WASHINGTON -- The call came to FBI headquarters from the State Department at 4: 30 on the morning of Aug. 7, describing two major explosions at U.S. embassies in East Africa with a large loss of life. Director Louis J. Freeh's response was crisp.

"Whatever you need, get it. Get it over there fast," he told his assistant director, Tom Pickard. Freeh's order set in motion the largest overseas investigation ever conducted by the FBI, sending 471 employees to Nairobi, Kenya, and Dar es Salaam, Tanzania, to document the carnage, interview witnesses and collect physical evidence.

That was more than two months ago. Since then:

The FBI, with cooperation from 13 other countries, has sketched the outlines of a radical Islamic terrorist network active in 20 countries that sought to wage war against the United States with everything from home-assembled explosives to weapons of mass destruction.

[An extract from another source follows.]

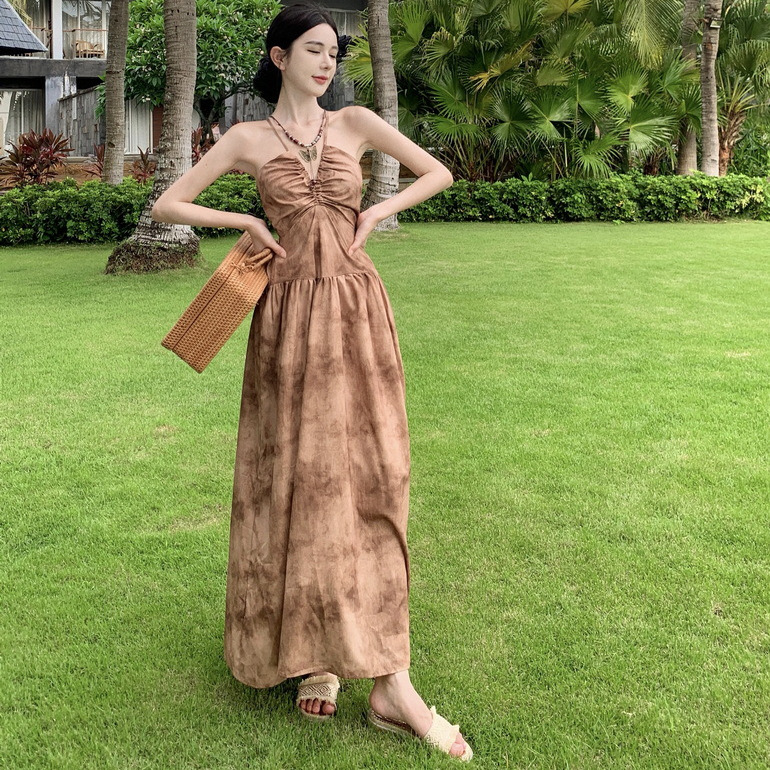 纯欲挂脖吊带v领连衣裙女夏季新款收腰露背性感咖色a字长裙
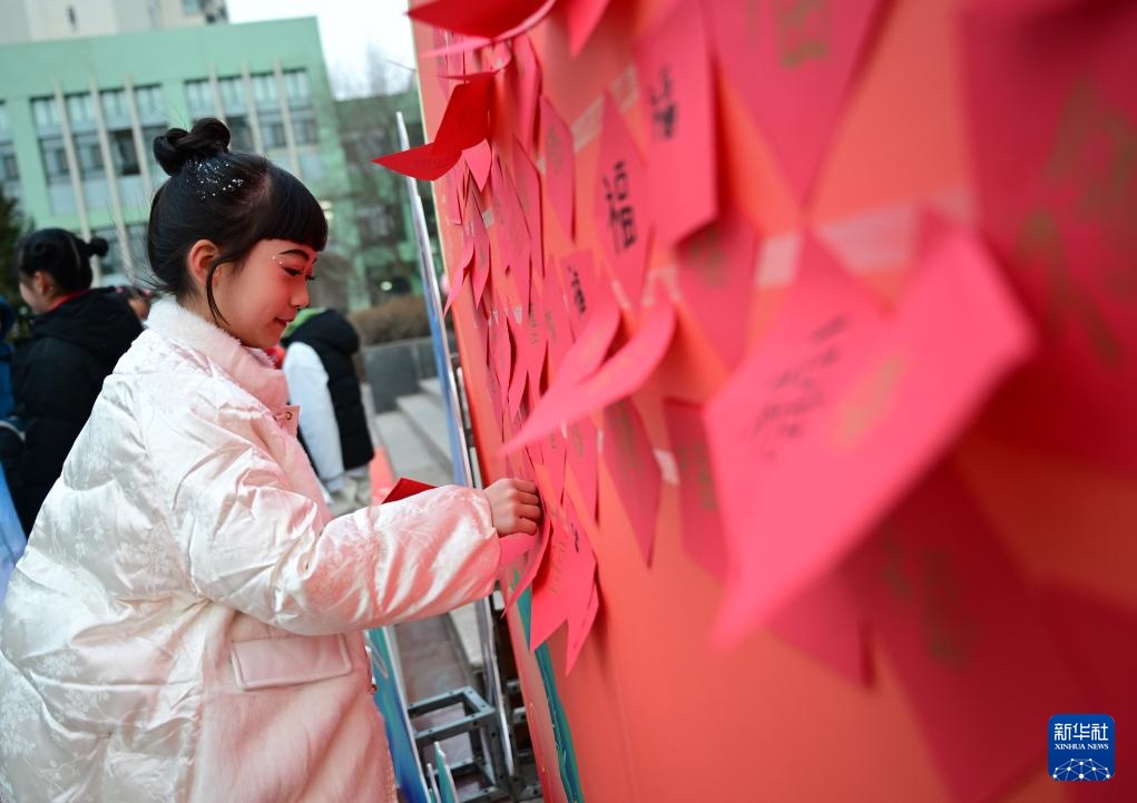 2月23日,西宁市城西区文汇小学学生在愿望墙上粘贴自己的新学期愿望。

The network, which employed front companies and fake identities, had ties to Iran and Sudan, terrorist groups in Egypt and the killers of 18 U.S. troops in Somalia in 1993, FBI officials say.

Four men, all believed to have links to Saudi exile Osama bin Laden, have been indicted by a federal grand jury in the bombings. Three of them are being held in New York and a reward has been offered for the fourth.

Indications have emerged that bin Laden's men tried to obtain chemical weapons and the fuel used in atomic bombs.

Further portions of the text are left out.